具有跨任务一致性的无监督跨模态哈希集成原型网络

在快速发展的信息检索领域，利用多媒体数据的多面性和动态性的固有优势，无监督跨模态散列已成为研究的焦点。现有的无监督跨模态哈希方法主要依赖于初始预训练的跨模态特征之间的相关性，而不准确的邻域相关性影响了整个优化过程中公共语义的表示。为了解决上述问题，我们提出了集成原型网络（EPNet），它通过集成聚类方法描述跨模态实例的类属性。EPNet试图从多个角度利用局部相关聚合和集成聚类来提取实例之间的相关信息，旨在减少初始化效应并增强跨模态表示。具体而言，首先在一批语义亲和关系中提出局部关联聚合，以在跨模态实例之间生成精确、紧凑的哈希码。其次，利用集成原型模块识别深层特征的类属性，从而帮助模型提取更普遍适用的特征表示；第三，早期尝试使用跨任务一致性损失来压缩局部语义亲和关系和深度特征集成原型关联的表征一致性，旨在增强跨模态共同语义特征的表征。最后，在广泛的实验中，EPNet在三个真实世界的图像-文本数据集上优于几种最先进的跨模态检索方法。

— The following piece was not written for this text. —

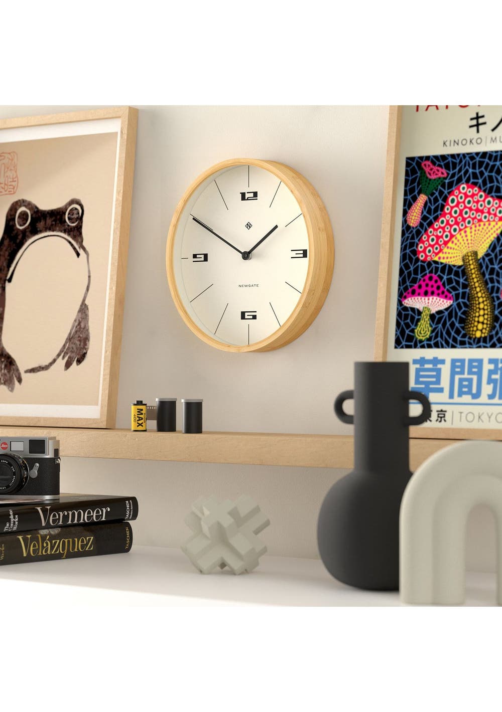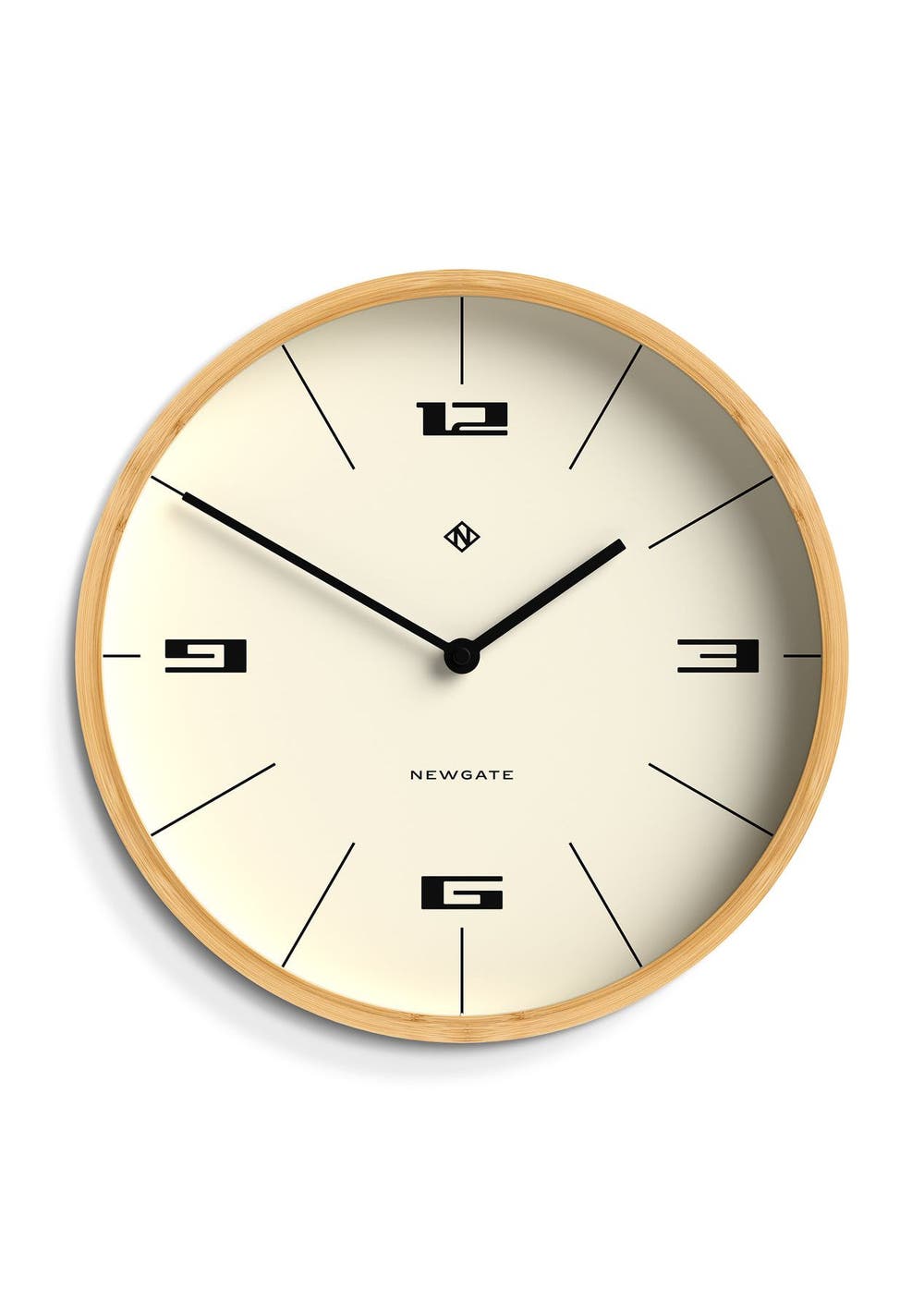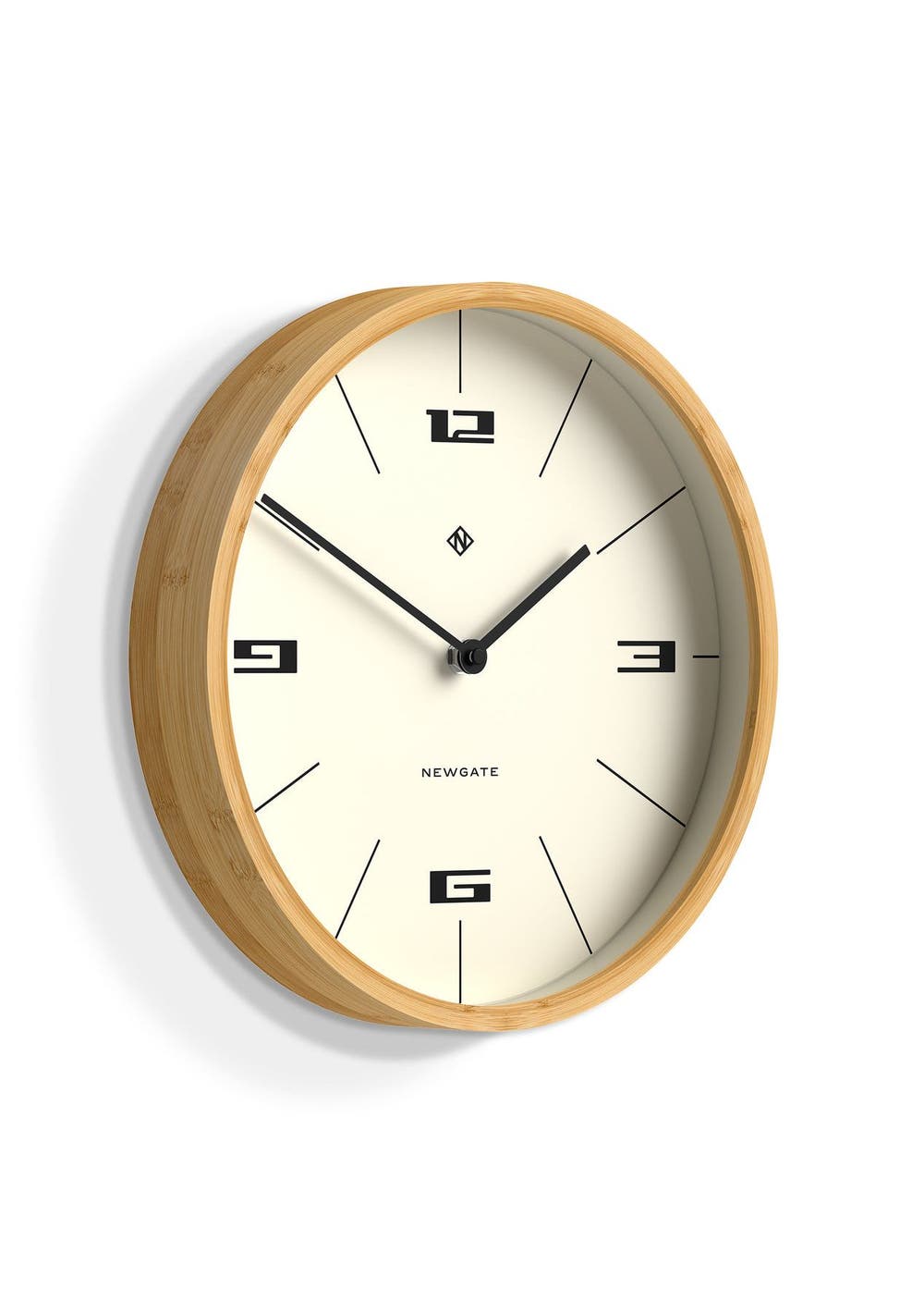 Newgate Bali Wall Clock Hovercraft Dial A modern wall clock with a bamboo case and a minimalist Scandi-inspired design combining functionality with beauty. This case comes with three dial options.Bamboo is highly renewable. Raw bamboo is converted, using the most fascinating process, into the solid blocks that we then turn into clock cases. Can you believe some species of bamboo grow up to an inch per hour! This medium wall clock creates a modern focal point in the kitchen, living room or office. Bamboo clock with metal hands and a glass lens. - Material: Bamboo, Metal, Glass- Colour: Cream w/ Bamboo- Movement: Quartz 'Silent Sweep'- Power: 1 x AA- Dimensions: LWH 30 x 30 x 5cm- Weight: 0.68kg

本文章由计算机程序翻译，如有差异，请以英文原文为准。

求助全文

约1分钟内获得全文求助全文

来源期刊

IEEE Transactions on Multimedia 工程技术-电信学

CiteScore

11.70

自引率

11.00%

发文量

576

审稿时长

5.5 months

期刊介绍： The IEEE Transactions on Multimedia delves into diverse aspects of multimedia technology and applications, covering circuits, networking, signal processing, systems, software, and systems integration. The scope aligns with the Fields of Interest of the sponsors, ensuring a comprehensive exploration of research in multimedia.